Marion Strecker*
Quem nunca se sentiu por baixo porque teve dificuldade de lidar com um equipamento novo?
O lado B do povo antenado é gostar de humilhar os normais, que não
"evoluíram" a ponto de criar tais antenas na cabeça. Estou ironizando
porque fico irritada. Em defesa das pessoas normais, digo que, se um
aparelho eletrônico não é tão fácil de usar quanto uma geladeira, o
problema está no aparelho.
Quem nunca se sentiu por baixo porque teve dificuldade de lidar com um
equipamento? Quem nunca se sentiu refém ao pedir ajuda para consertar
uma configuração? Vão dizer que os mais jovens têm menos dificuldades.
Claro!

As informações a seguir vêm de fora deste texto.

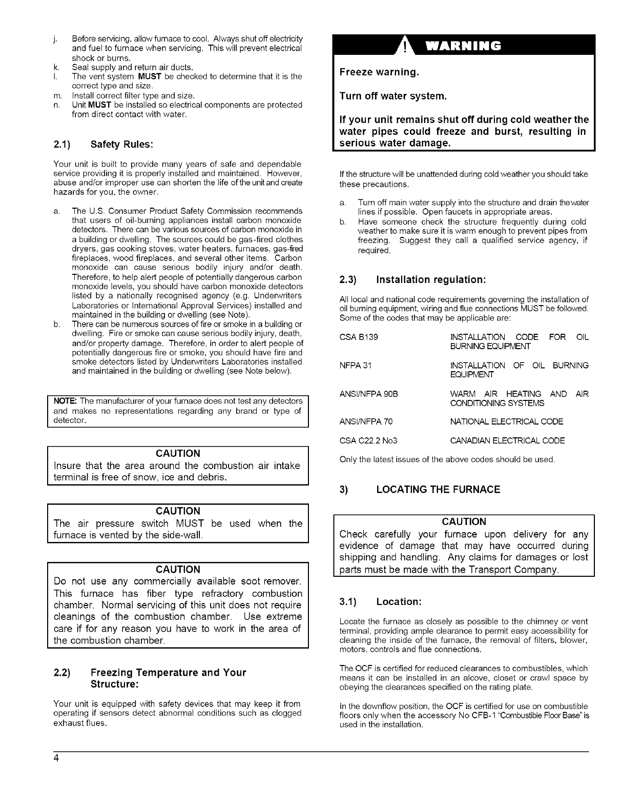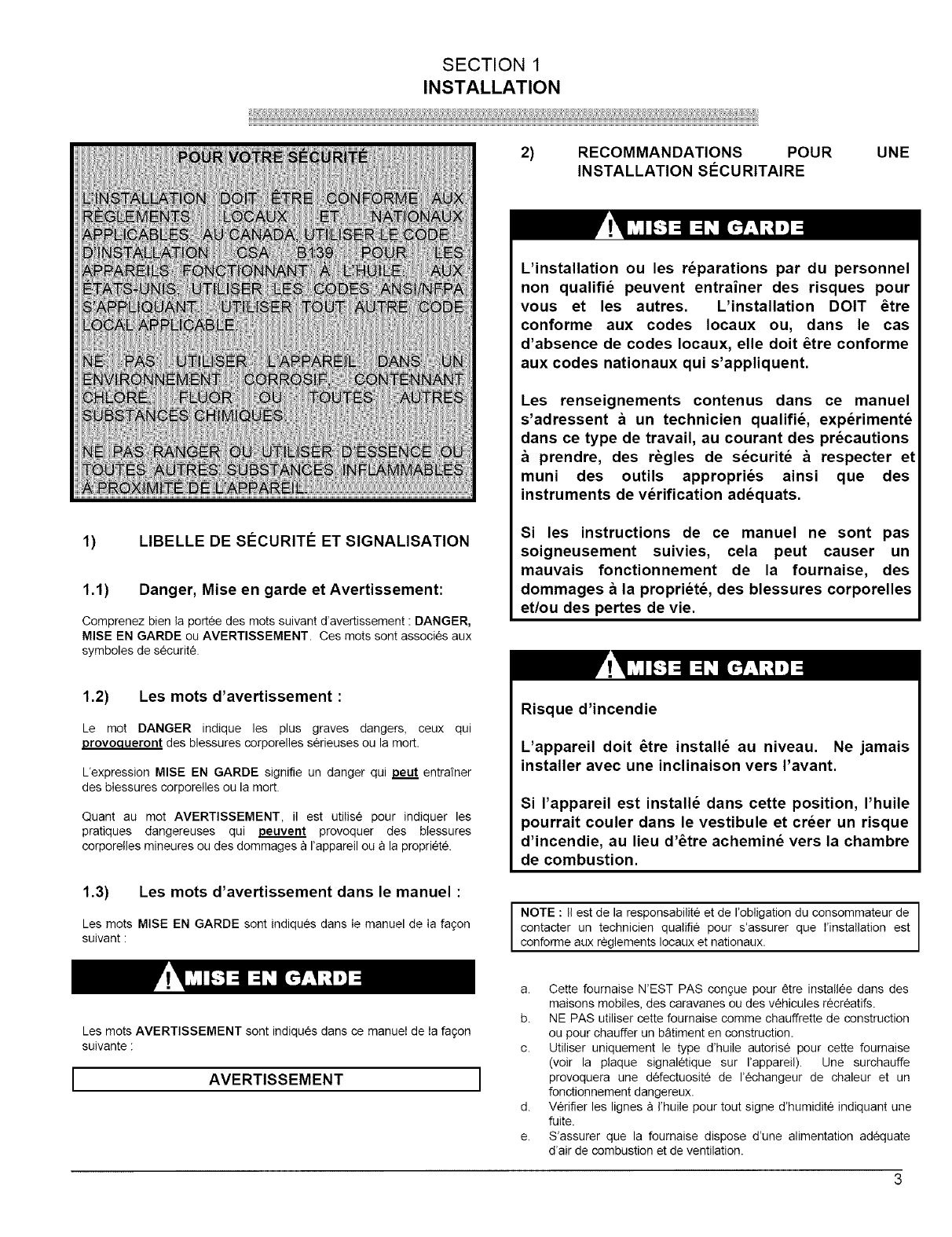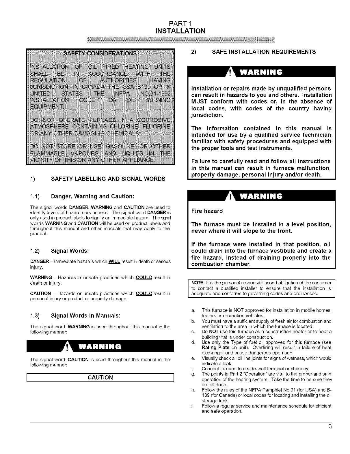 139 (for Canada) or local codes for locating and installing the oil

Inclusive porque os mais jovens têm menos medo de errar, já que
não são eles que normalmente pagam por aparelhos quebrados. Um bebê pode
esmurrar um eletrônico até fazê-lo funcionar.

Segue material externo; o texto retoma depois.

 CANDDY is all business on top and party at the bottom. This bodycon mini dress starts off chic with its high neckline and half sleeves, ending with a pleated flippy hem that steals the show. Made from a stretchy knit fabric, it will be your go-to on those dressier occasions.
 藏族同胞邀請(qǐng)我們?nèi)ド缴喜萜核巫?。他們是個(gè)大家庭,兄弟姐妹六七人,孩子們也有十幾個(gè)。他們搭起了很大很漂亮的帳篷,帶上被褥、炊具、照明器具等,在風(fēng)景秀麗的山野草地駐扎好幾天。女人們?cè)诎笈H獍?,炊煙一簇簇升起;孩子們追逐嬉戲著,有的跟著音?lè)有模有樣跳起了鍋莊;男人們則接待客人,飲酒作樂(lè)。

Já estou preparada para a reação dos espertinhos. Convivo com eles há
tempo suficiente para saber como mistificam pequenos saberes. Posam de
modernos, avançados, mas agem como tiranetes. O lado B da indústria da
tecnologia é forçar o público a perder tempo, engolir custos e servir
interesses alheios.
Imersa nesse pensamento, recebo mensagem pelo Facebook: "Ouça com as
mãos, veja com o celular. Som na caixa: Novo clipe interativo do Arcade
Fire. ARRASADOR!!!!"
Gosto deles, então cliquei. Fui levada a uma página que pediu um código
que eu não tinha. Li com atenção. A página informava aos sem-código como
obter um: acessar o endereço pelo computador.

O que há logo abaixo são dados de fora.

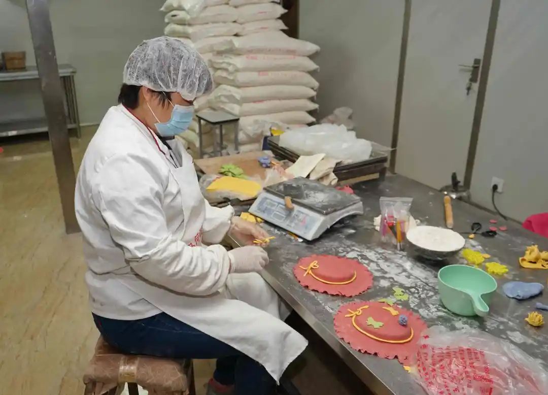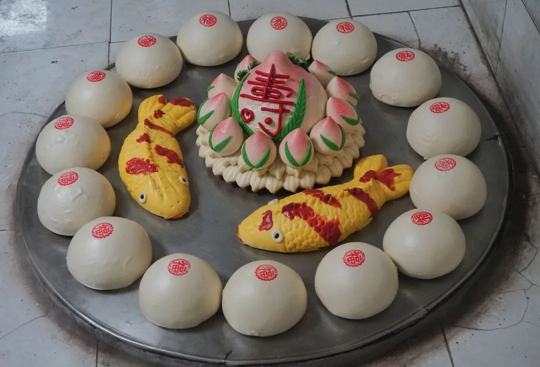 老人壽辰祝壽用的壽桃、錦鯉,還有各種小花形狀的彩色饅頭等等,無(wú)不讓人耳目一新。
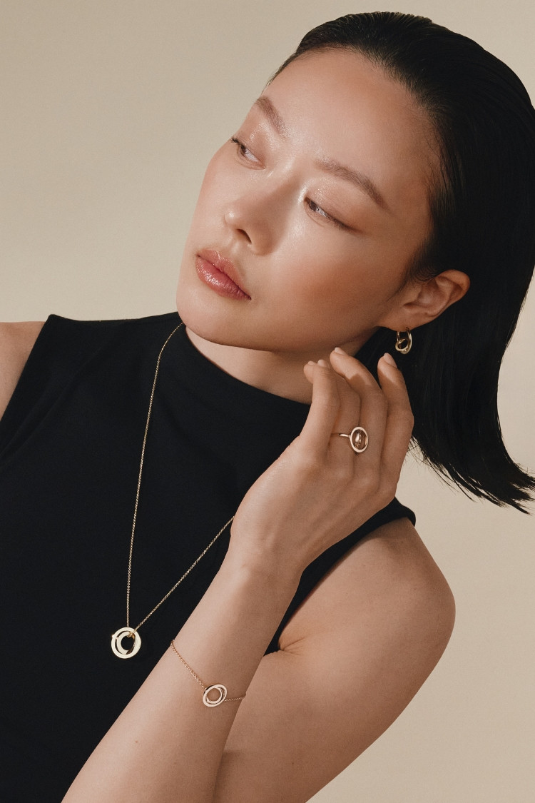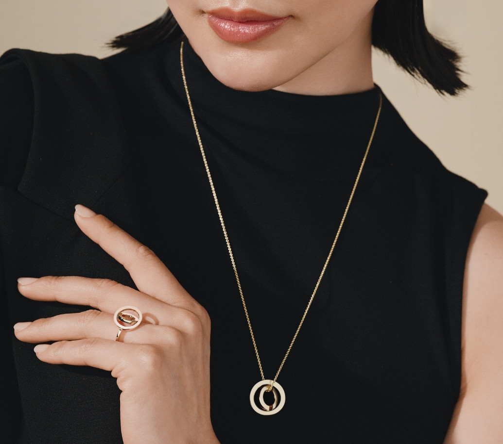 In the gentle glow of yellow gold, the Alba Necklace traces a silent dance: two interlaced circles in perfect balance, evoking the meeting of two breaths, two souls, two lights joined in a single radiant harmony.
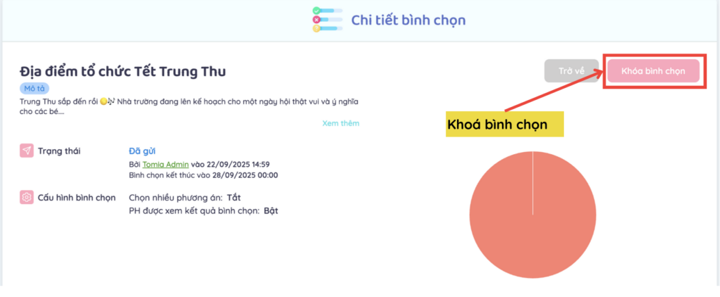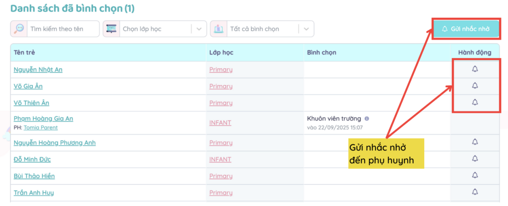 Khi cuộc bình chọn ở trạng thái đã gửi, Admin và giáo viên có thể gửi nhắc nhở bình chọn đến với phụ huynh hoặc khóa bình chọn
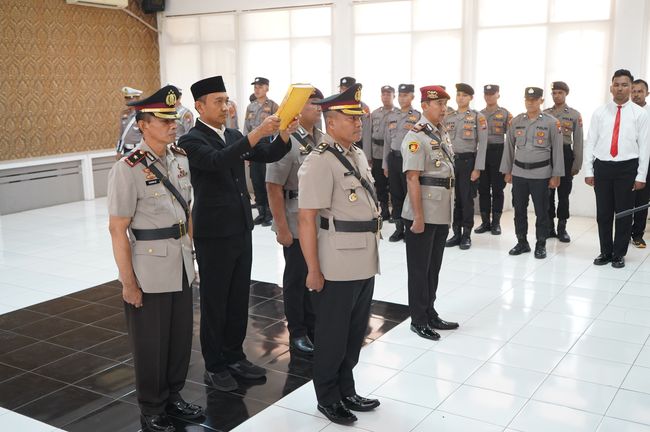 Kapolres Probolinggo Kota AKBP Oki Ahadian Purwono memimpin upacara sertijab dua pejabat utama di di Rupatama Mapolres. Upacara sertijab dihadiri Wakapolres, PJU, Kapolsek Jajaran serta anggota dan Bhayangkari.

Então iPad não é computador? OK. Tudo pelo Arcade Fire. Fui ao
escritório e liguei o micro. Então a página carregou diferente e veio a
mensagem fatal, em inglês: "Esta experiência não é apoiada pelo seu
navegador. Por favor, tente de novo usando o Google Chrome".
Pronto. Conheço esses truques há quase 20 anos. Chrome é o software que o
Google desenvolveu para concorrer com navegadores de outras empresas.
Já usei razoavelmente o Chrome. Acho até que ele serviu para que os
demais fabricantes melhorassem seus produtos. Mas daí a querer baixar
mais um software e entupir meus equipamentos. Hello, Google. Não poderia
ter feito propaganda sem obrigar as pessoas a baixar o Chrome? Vocês
acham que de graça (videoclipe) vale até ônibus errado (software que não
quero)?
Estamos num mundo em que a propaganda não pode ser claramente
propaganda. Tem de vir disfarçada de "conteúdo". Quanto mais disfarçada,
melhor. Como aqueles três caracteres (#ad) que algumas pessoas estão
usando no Twitter. Eles não se importam que boa parte do público não
saiba que "ad" é abreviatura de anúncio publicitário, só que em inglês.
Que a propaganda venha disfarçada de "conteúdo" é melhor para quem,
mesmo? Para quem ganha com ela, claro.
Muitos profissionais de informática, internet e marketing vão se irritar
com estes comentários e me chamar de ingênua, se não partirem para
reações mais agressivas. Paciência. Estamos quites. Também estou
irritada com os comentários deles, de que "não custa nada" baixar um
monte de coisas, que o Chrome é muito melhor que os concorrentes, que o
preço da evolução é "esse mesmo", que o Google nos proporciona música
"de graça".
O problema é que o mundo da tecnologia fica cada vez mais complicado
porque muita, muita gente mesmo ganha com essa complicação dos infernos.